You make it sound like Copilot is just copy-pasting something from a single repo. The code Copilot generates for me is extremely specific to my application. It understands the context, my code style and what I'm trying to do.
The result looks like my own code and is utilizing the already existing parts of my application. The code it writes for me solves problems that you cannot find a standard solution for anywhere and is definitely not something that could be attributed.
How Copilot is trained is an issue but answering the question "where did this code come from and what license is it under" would be impossible.
- JoshTriplett 3 years ago
  
  > You make it sound like Copilot is just copy-pasting something from a single repo.
  Not at all. I'm saying it's derived from large amounts of code, without respecting the licenses on that code.
  > How Copilot is trained is an issue but answering the question "where did this code come from and what license is it under" would be impossible.
  Then it shouldn't exist outside of demos of what could exist in the future if the showstopper legal problem gets solved.

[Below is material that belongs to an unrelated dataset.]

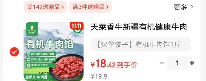 天莱香有机牛肉馅好价,18.4/斤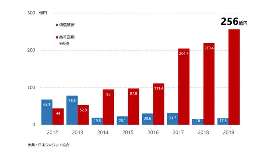 日本クレジット協会の調査によると、2019年の不正利用金額は270億円超となり、クレジットカード番号が盗用されネットを中心に不正利用される被害は増え続けています。

Let's get people treating that constraint as business-critical and start coming up with clever solutions, and see how long "impossible" lasts.
  - WithinReason 3 years ago
    
    How is training on public source code a legal problem? Can you provide some links for that claim?
  - fooster 3 years ago
    
    What a bunch of pure fear mongering nonsense. The code that is produced by copilot indistinguishable from the rest of the code in the code base. Get over yourself.
- Gigachad 3 years ago
  
  I'd like to see people try to cite the sources for the code they wrote. It's highly improbable that without looking at anyone else's work in their lives, they would have created anything remotely similar to what they produced.
ryan_lane 3 years ago

I open source my code specifically so that it can be re-used, ideally even for cases like this. To me, software freedom is the ability for it to be used for effectively any useful purpose, so that others don't have to do the same work again.
I understand that some folks don't believe the same thing, and use copyleft licenses so that their code can't be re-used in a closed way, and that's fair. Github shouldn't be training their product on copyleft licenses.
It's fair to call out its misuse of certain licenses, but "the equivalent of money laundering for violation of Open Source licenses" is simply inaccurate, as many licenses allow this type of re-use explicitly.
- JoshTriplett 3 years ago
  
  Do you license your code under a license that doesn't require any form of attribution or preservation of copyright notices? (Even permissive Open Source licenses typically do require that.)
  If you do, then by all means they're welcome to use it without attribution or preservation of copyright notices, per the terms of the license you used.
  But for all the Open Source code, even permissive Open Source code, that does require attribution or preservation of copyright notices, that's still a license violation. People don't often think of permissive Open Source licenses as something that can be violated, but they absolutely can be.
danuker 3 years ago

Indeed, that is why I don't use it either.
Double-checking whether the generated part is a verbatim copy negates the speed advantage.
Possible infringements from similarity are even harder to search.
filereaper 3 years ago

Yes, thank you this is exactly what I was looking out for in the announcement.
Was looking for a way to instruct CodePilot to abide by the following rules:
- Only use Apache v2, MIT or BSD licensed work for its recommendations. (Or a specific license set)
- Only use code trained on public repositories.
- Provide code attributions of the source code where the recommendations originate from.
I'm not sure if the last point is possible given these GPT type architectures but it would really help during code reviews.
- jenadine 3 years ago
  
  > Only use Apache v2, MIT or BSD licensed
  Even if you use code under these license, you are still supposed to credit the authors by reproducing the license. So you need to know where it came from. Do you credit all the software the model was trained on?
  - tick_tock_tick 3 years ago
    
    > Do you credit all the software the model was trained on.
    That's a brilliant idea everyone can just copy and past the exact same attribution file and be done with it.
    
    capableweb 3 years ago
    
    "Just" copy paste a multi GB file with endless lines of authors? Brilliant? I might be missing something here.
  - filereaper 3 years ago
    
    We're not using any ML based machine generated source code.
    The remaining use of OSS code has attributions.
tick_tock_tick 3 years ago

> This tool remains the equivalent of money laundering for violation of Open Source licenses
That's what a good chunk of people do anyway at work. No one really cares nor will care. We were already moving in that direction anyway this will just accelerate it.

aunch 3 years ago

if you want an actual enterprise solution with in-customer-tenant/on-prem hosting, check out Codeium (https://www.codeium.com/enterprise)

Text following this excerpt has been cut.